In the example, let’s say we set 3 to minDomains, Pod Topology Spread currently only notices zone 1 and zone 2, so the global min matching num will always be considered 0. Pods will be scheduled to zone 1 and zone 2 as long as they do not violate maxSkew, but since the global min matching num is 0, Pod Topology Spread will reject all Nodes in zone 1 and zone 2 at some points. Let’s say maxSkew is 1, then once a pod is placed in zone 1 and zone 2, the other pods will become unschedulable.
Cluster Autoscaler internally simulates the scheduler’s scheduling and creates a new Node which unschedulable Pods can be scheduled on. So, in this example, it will add a Node in zone3 that is eligible for Pod Topology Spread.
I hope this example has helped you understand that minDomains is a strong friend when you want to spread pods across multiple domains through Pod Topology Spread and make them really resilient to failures.
In fact, since Mercari is built on a cluster on multiple zones, if we can enforce a situation where all microservices put pods in multiple zones by minDomains, it will make Mercari more resilient to zone failures.
KEP-3094: Take taints/tolerations into consideration when calculating PodTopologySpread skew
KEP-3094: Take taints/tolerations into consideration when calculating PodTopologySpread skew
It adds new fields nodeAffinityPolicy and nodeTaintPolicy. It’s now served as an alpha feature, and we plan to graduate it to beta in v1.26.
nodeAffinityPolicy and nodeTaintPolicy are the options to specify whether to take nodeAffinity and taints/tolerations into consideration when Pod Topology Spread calculates the skew.
The problem behind it was that it always didn’t take Node taints into consideration and it sometimes resulted in unexpected behavior. Let’s see an example.
Let’s say you have topologySpreadConstraints like the following, and one Node has a untolerated taints.
The scheduler takes both Nodes into consideration, but it doesn’t care about the taints.
In this case, the first Pod can go to Node1. However, the second one will be Pending since Node2 has the taint regardless of the Pod Topology Spread wanting to schedule it on Node2.
By setting Honor to nodeTaintsPolicy, the scheduler ignores tainted Nodes and we can avoid the problem.
KEP-3243: Respect PodTopologySpread after rolling upgrades
KEP-3243: Respect PodTopologySpread after rolling upgrades
This adds a new field matchLabelKeys to Topology Spread. It’s now an alpha feature.
The problem behind it was that the topology spread takes old replicas into consideration during rolling upgrades. This may end up in the unbalanced topologies because all old replicas are, of course, removed after rolling upgrades.
matchLabelKeys will solve this issue. The topology spread constraint uses those keys to look up label values from the incoming pod; and those key-value labels are ANDed with labelSelector to identify the group of existing pods over which the spreading skew will be calculated.
So, by setting pod-template-hash in this matchLabelKeys, the scheduler takes only Pods with the same pod-template-hash into considerations, which means only new replicas will be considered during rolling upgrade.

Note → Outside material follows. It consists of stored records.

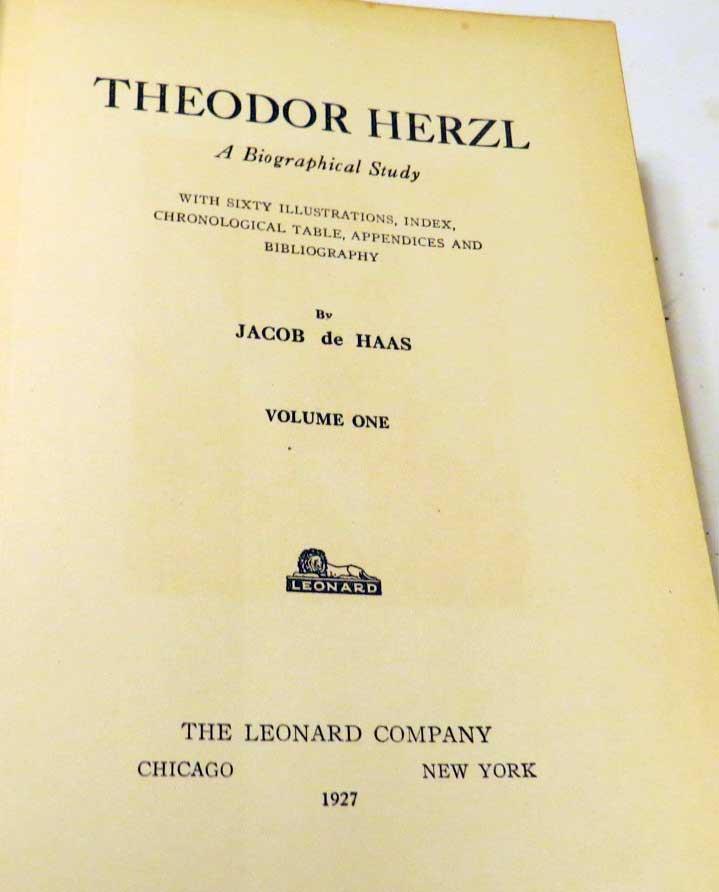 1927 SIGNED Theodor Herzl: A Biographical Study Book by Jacob HAAS #8 Of 340 LE 1927 SIGNED Theodor Herzl: A Biographical Study Book by Jacob HAAS #8 Of 340 LE Description Topdog Presents: Always Interesting Toys and Models! Jacob De Haas authored an authorized biography of Theodor Herzl, titled "Theodor Herzl: A Biographical Study." This comprehensive work, published by Leonard Company in Chicago in 1927, is available in two volumes: Volume I: This volume provides an in-depth exploration of Herzl's life, tracing his background, ideas, and the obstacles he encountered. It offers a vivid portrayal of his role as a leading figure in the Zionist movement. You can access this volume on the Internet Archive. Volume II: The second volume presumably continues the engaging narrative, delving further into Herzl's influence on Jewish history and the evolution of Zionism. Theodor Herzl: Theodor Herzl was a visionary behind modern political Zionism, advocating for the establishment of a Jewish state. His ideas and efforts laid the foundation for the eventual creation of the state of Israel. Jacob De Haas: Jacob De Haas was an author who wrote extensively on Jewish and Zionist issues. He was deeply involved in the Zionist movement and served as Herzl's secretary during the latter years of Herzl's life. De Haas's biography of Herzl provides valuable insights into the life and work of this influential figure. Condition: The book is in good condition, bound in leather which shows some binding wear. Only author-signed editions were bound in leather, making it a luxury issue. Limited Edition: This edition is particularly rare, being one of only 8 out of 340 copies signed by the author. SEE the photos they are part of the description. Flat rate shipping in the US is $14, overseas at cost just ask. Click images to enlarge Payment Payments We add $1 handling fees for every additional item in combined shipping. A total cost of a combined shipping will be calculated based on a combined parcel weight and current USPS shipping rates. Payments are due within 7 days of auctions close, no exceptions We accept PayPal . Shipping Shipping in the US WHEN: We try to ship in 2 days (excluding weekends and holidays). COURIER: USPS International Shipping WHEN: We try to ship the next day (excluding weekends and holidays) COURIER: USPS WHERE: We will ship Worldwide CUSTOMS FEES if any are buyers responsibility. Customs form will show total you paid by PayPal and price for your purchases. We always mark parcels as "used toys". Please do not ask us to low declared value, it defeats the whole idea of shipping fully insured parcel . If you are paying by PayPal parcels with a total value under $750 will be shipped by Registered Mail or First Class International (delivery time up to 4 weeks) or if they weight over 4 pounds will be shipped FULLY INSURED by Priority Mail (delivery time 6-14 days non guaranteed) over $750 will be shipped FULLY INSURED by Express Mail with a signature confirmation (delivery time 4-7 days) The International bidders might want to contact us about shipping cost prior to placing their bids. We will ship to the address listed in your eBay profile under "Shipping Details". It's buyers responsibility to provide a correct shipping address. All returned parcels because of " a wrong shipping address" parcels will be re-sent at the buyer's expense. Please do not ask us to ship to the address not listed in your eBay profile, we will not do it unless we know you from previous transactions. Postal Insurance All domestic parcels with a total over $50 (for Priority mail) and $25 (for First class and Parcel Select) will be insured: $1 per up to $100 of the total (for example if total is $256 , postal insurance will be $3) All International parcels will be insured (no exceptions): $2 per $100 of the total for example if total is $256 , postal insurance will be $6) Lost & Damaged Claims For lost parcels, you must wait for 21 days domestic (US) and 45 days for International shipments. For shipments to Italy , you must wait 60 days before filing. Damage claims can be filed immediately. All claims should be submitted within 90 days from the date of shipment. All International parcels will be insured with U-PIC, please do not file a "not received "claim with PayPal, just contact us to resolve your problem. Terms of Sale Refunds & Returns 100% Satisfaction Guarantee that the item is original and meets the detailed description! Returns to be made within 30 Days of Receipt (including the cases when parcel was hold at PO by buyer's request), after that a sale considered to be final. Buyer pays return shipping cost. If item was damaged in transit you should not return it. You should submit an insurance claim to get a compensation. Please do not send us back broken items. If you need an assistance with your claim please contact us. All returned items should have a tracking number and be fully insured. We reserve right to replace defective item or refund money (less S&H) Pickups We do not do any pickups. As Is If auction marked "AS IS", it means that Liquest Group Inc. shall not be responsible for the correct description, authenticity, genuineness of, or defect in any lots, and makes no warranty in connection therewith. As no warranty is given with any lot, therefore no sale is invalid or avoidable by reason of any fault in any lot or by reason of any lot being incorrectly described (in the ad), and no compensation may be paid for any such fault or error in description or any imperfection not noted. Get images that make Supersized seem small. Showcase your items with Auctiva's Listing Templates! THE simple solution for eBay sellers. Track Page Views With Auctiva's Counter
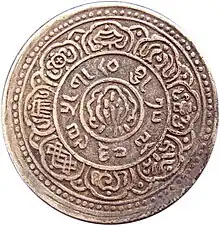 La primera moneda que se utilizó ampliamente en el sur del Tíbet era monedas de plata, las cuales eran suministradas por los Reinos nepaleses de Malla y los primeros reyes del subsiguientes de la dinastía Shah desde alrededor de 1640 hasta 1791.[7]
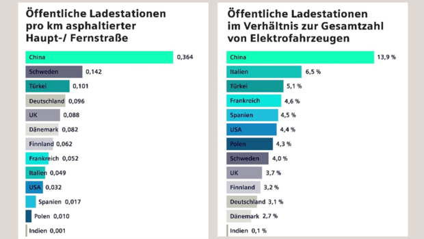 In fast allen untersuchten Regionen ist das Verhältnis von öffentlich zugänglichen Lademöglichkeiten zur Anzahl der E-Fahrzeuge und zur Straßeninfrastruktur gering. Nur China scheint ernsthafte Investitionen in das öffentliche Ladenetz getätigt zu haben. Währenddessen erreichen europäische Länder wie Großbritannien, Frankreich, Deutschland und Spanien nicht einmal die Hälfte der chinesischen Ladeinfrastruktur.
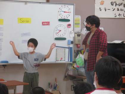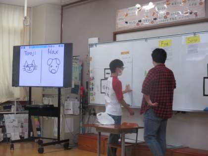 ALTのマックスと一緒に英語学習をしました。アルファベットの歌を歌ったり,アルファベットカードを使ってスペル探しゲーム(C・A・T=CATなど)をしたりしました。いつも優しくていねいに英語を教えてくれたマックスにみんなで手紙を書いてプレゼントしました。
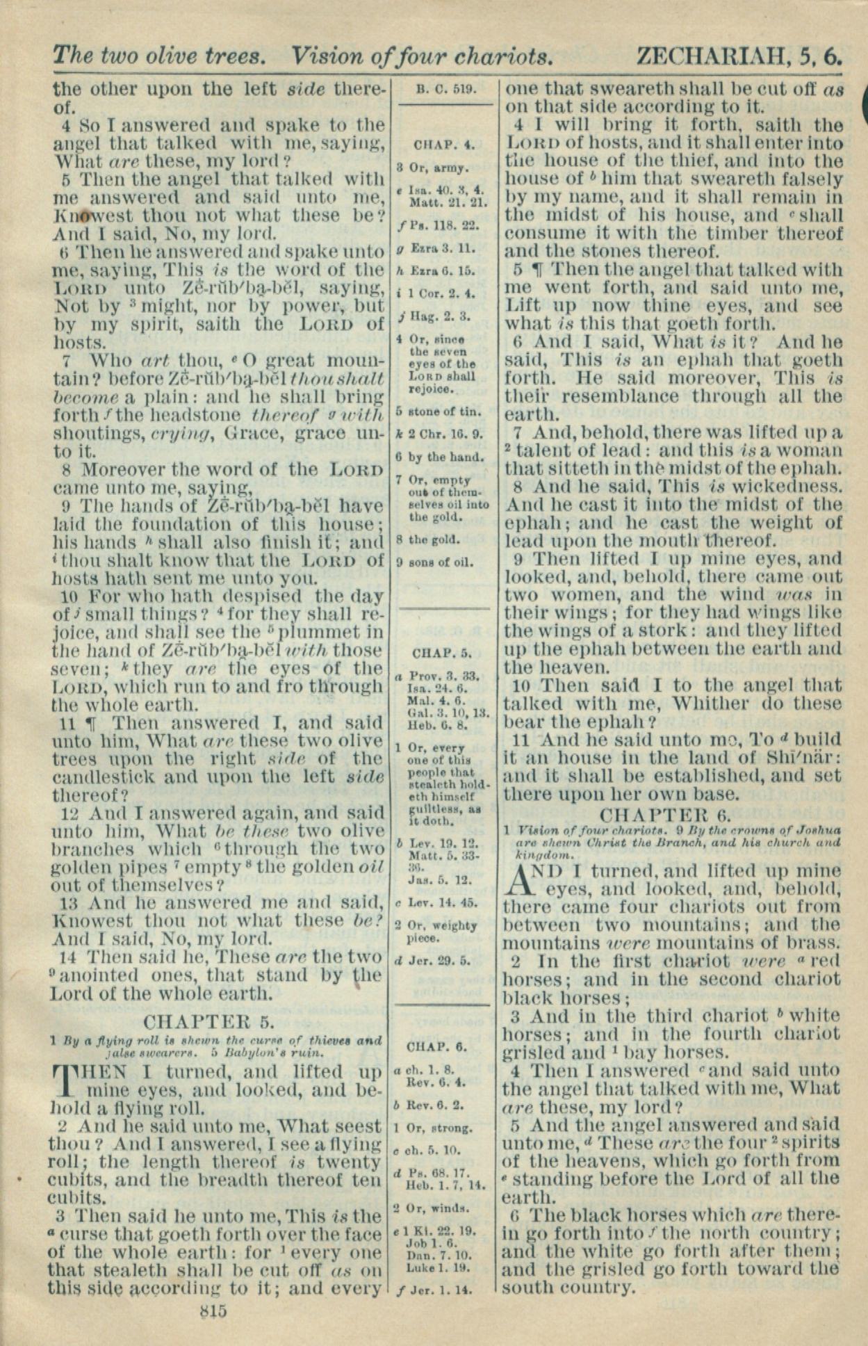 1916年Holy Bible 撒迦利亚书 4 章 4 节到 6 章 6 节

Worth noting features/fixes
Above are the feature changes listed in KEP, but there are a few more interesting updates related to the Scheduler so I’ll share them from here.
Performance improvement on DaemonSet Pod’s scheduling latency
Update PreFilter interface to return a PreFilterResult #108648
This Pull Request contains two changes.
The first one; it changes PreFilter plugins to return PreFilterResult. PreFilterResult contains the set of nodes that should be considered downstream extension points. It contributes to reducing wasted calculations in the downstream plugins.
The second one; it changes NodeAffinity PreFilter to return appropriate PreFilterResult.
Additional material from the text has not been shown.